My (trite) answer is The Legend of Zelda. Here’s a reprint of why. (Have to try harder this year to get that word count up.)
The Legend of Zelda.
In my office is an enlarged version of the art on the original The Legend of Zelda NES cartridge. Beneath the iconic coat of arms and “The Legend of Zelda” it says “Experience the challenge of endless adventure.” The Legend of Zelda brings you this experience like nothing before or after it. Zelda evokes a sense of danger, wonder, and creates a place to explore that is worth coming back and re-experiencing 20 years later.
The controls are simple. You begin the game with nothing but the ability to move around. You then get a sword. Now you can swing the sword and defend yourself against enemies. As the game progresses the controls scale and before you know it you’re throwing a boomerang, shooting bows and arrows, sailing across seas, causing explosions.
Soon you’re exploring a large world but you find only some of which is accessible. There is no one telling you what to do, you can go anywhere you want, only limited by your abilities, skills, and equipment. Exploration is rewarded, but is also difficult. You experience more as you grow.
You might die. But you’ll probably learn something in the process. And you can try again.
Before Zelda lots of home video games kept the gestalt of arcade gameplay. If you look at Super Mario Brothers, it’s not that different than the Donkey Kong it evolved from but in a longer form. Run, jump, avoid obstacles, get from point to point. It’s fundamentally arcade like in the focus on quick reflexes and reactions - not problem solving or exploration or evoking emotion and experience. Zelda breaks that mold.
Zelda is brilliant in its minimalism combined with depth. And it was all represented on the screen in what we now think are primitive graphics, but the constraints of the hardware actually led to creating beautiful, iconic imagery. When we think of the “video game aesthetic” it’s these 8-bit graphics that stick with us more than the polygons of a decade or two later.

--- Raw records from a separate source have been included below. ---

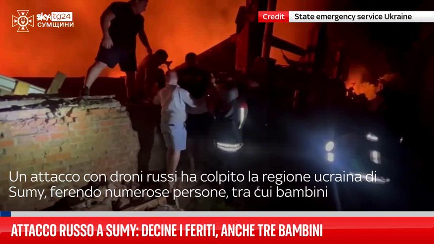 Nella notte del 20 agosto 2025 un attacco con droni russi ha colpito la regione ucraina di Sumy, ferendo numerose persone, tra cui una famiglia con tre bambini di 5 mesi, 4 e 6 anni. Le autorità locali parlano di 15 droni lanciati contro l’area di Okhtyrka. L’attacco arriva mentre si intensificano gli sforzi diplomatici per fermare la guerra. Nonostante le evidenze, Mosca nega di colpire civili o infrastrutture.
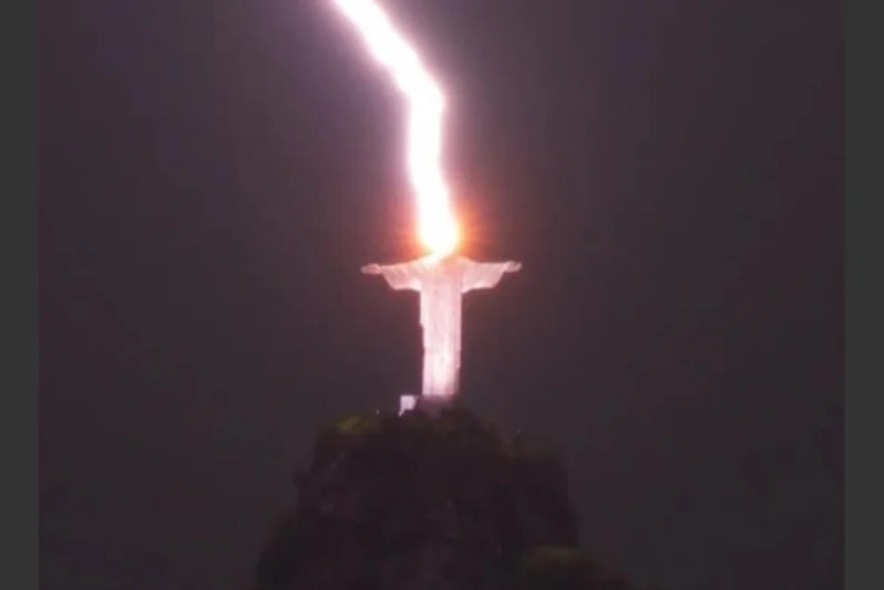 Молния ударила в статую Иисуса Христа, находящуюся на одном из холмов бразильского города Рио-де-Жанейро.
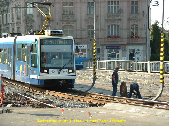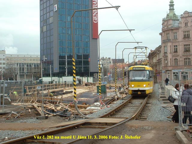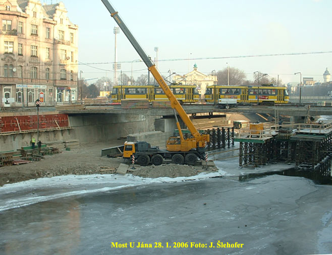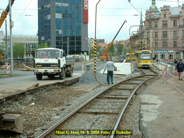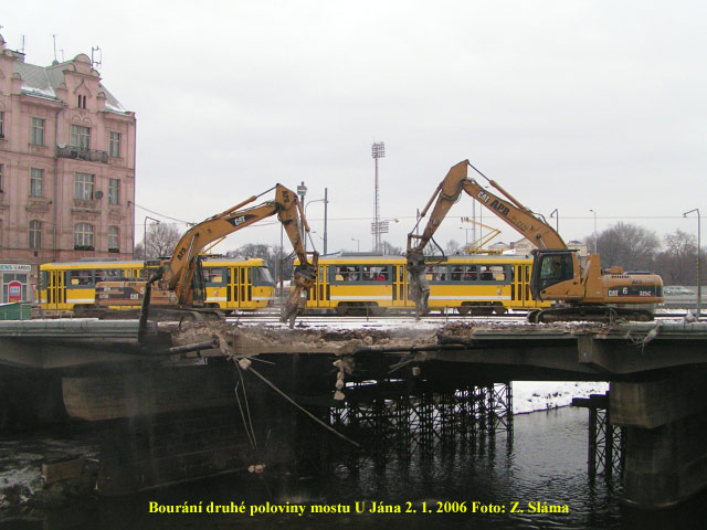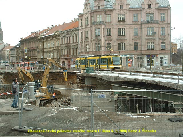V pondělí 3. 4. 2006 krátce po deváté hodině začala plánovaná týdenní výluka tramvajové dopravy přes most U Jána, jehož dvě poloviny

A few pixels leave more to the imagination. Ganon in his 8-bit version at the end of the 9th Labyrinth still seems scarier to me than any incarnation of him that followed, in part because of this.

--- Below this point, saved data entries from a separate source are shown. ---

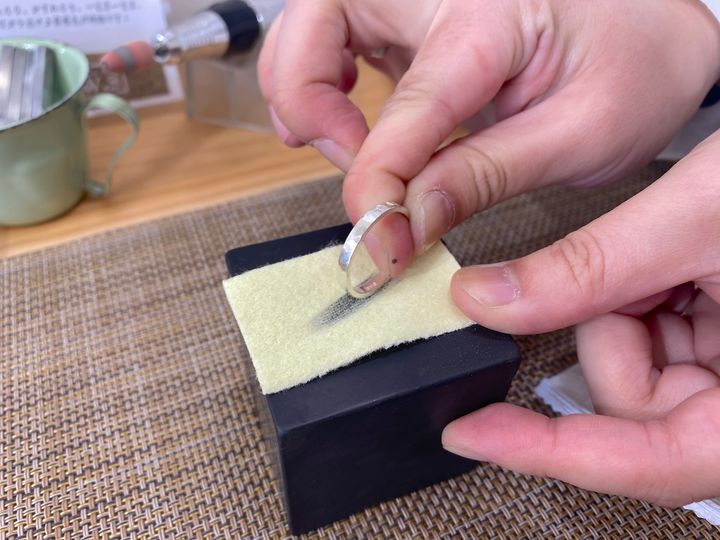 最後の仕上げとして、研磨シートでリングの外側、側面、内側を磨いていきます。磨けば磨くほどピカピカになっていくので、時間をかけて丁寧に取り組みましょう!ちなみにオプションを追加しなかった場合は、電動工具で磨いたあと仕上げ作業に入ります。
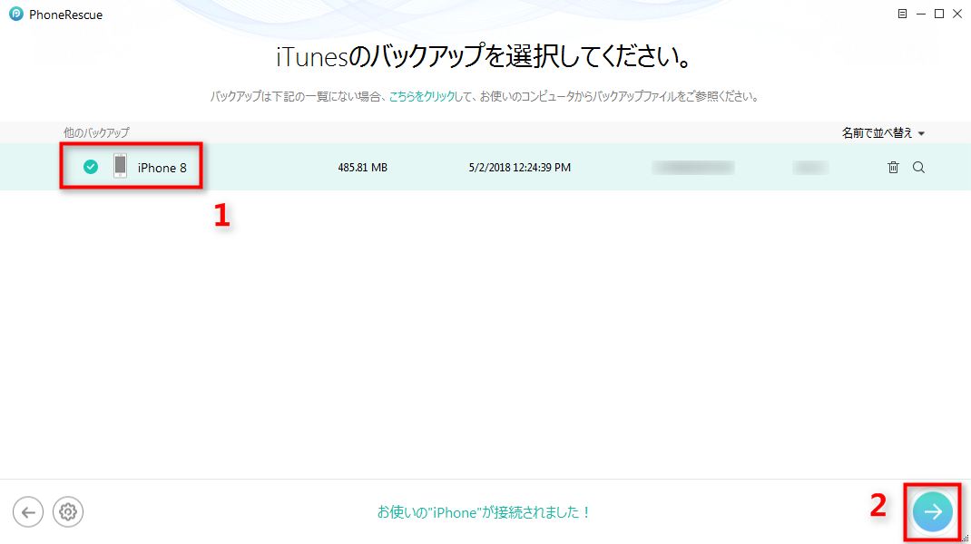 Step 2: 復元したいデータのあるバックアップを選択します。
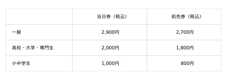 当日券 8,100円/前売券 7,500円(一般のみ)

It may be impossible for a large company to create and release a game as great the original Legend of Zelda now in some of the ways I love it. So much pressure exists to create things that are complex - both graphically and gameplay wise, and yet at the same time make them “accessible.”

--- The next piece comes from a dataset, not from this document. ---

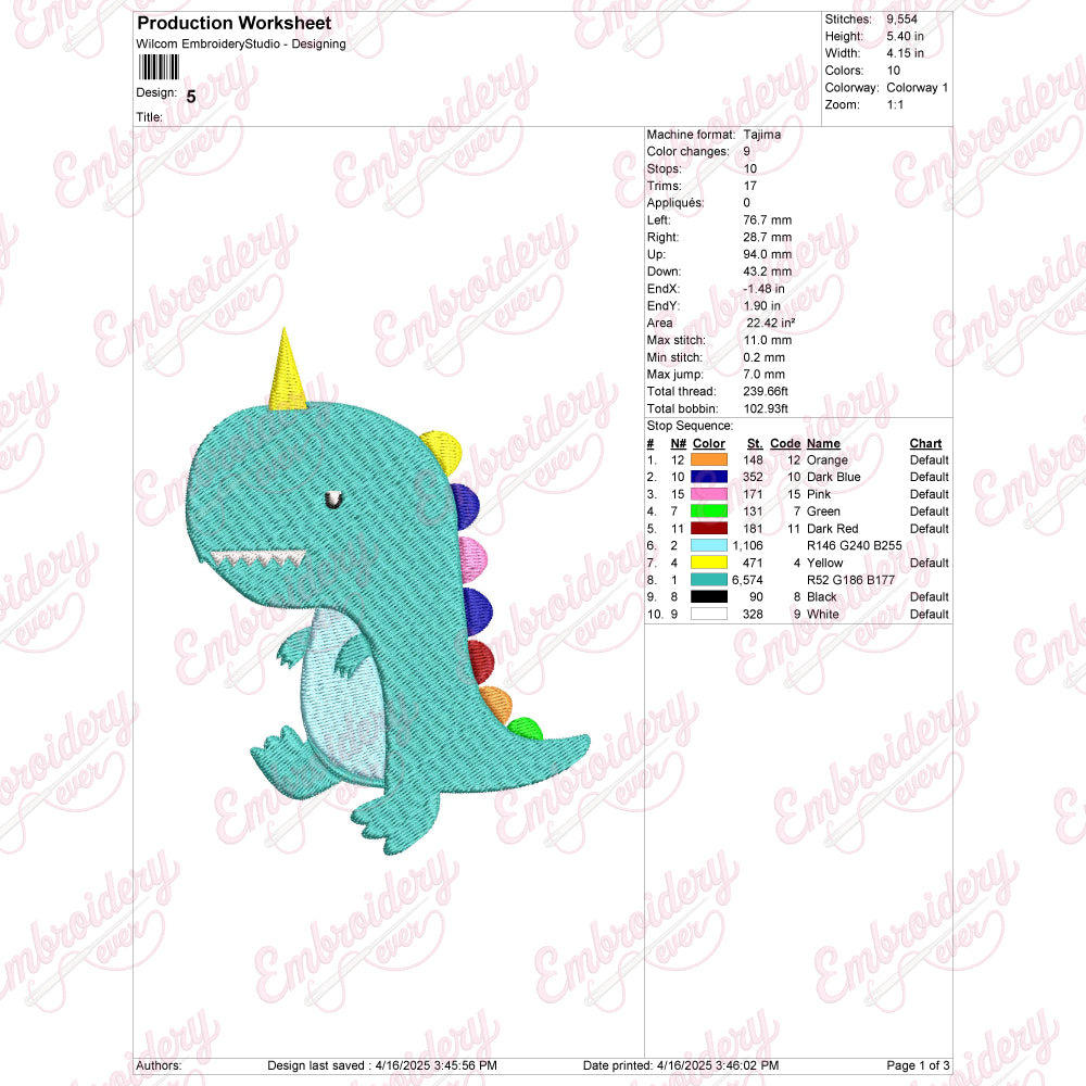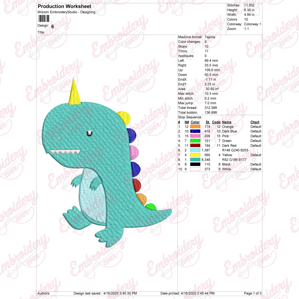 Dinocorn Digital Download Machine Embroidery Design

Zelda never condescends to the player, and that is part of why exploring it feels different than video games today. I love the beautiful and moving Ocarina of Time, but I’m an adult and I don’t want a fairy following me around and telling me what to do.
For me, Zelda was about having the courage to go and explore and that it was ok to be scared but it provides opportunity to be courageous.
Zelda was also about what it was like to be alone. Unlike successors, it has a quiet loneliness to the quest. (There are no inane townspeople as in other RPGs.)
It’s impossible for me to separate Zelda from nostalgia, but I hope it’s more than that. I played the game for months when I was six years old. I felt like I had accomplished something significant when I finally beat it. It seemed a more complex problem than anything offered to me in school, and I knew that. I know it was important as a formative experience in my life.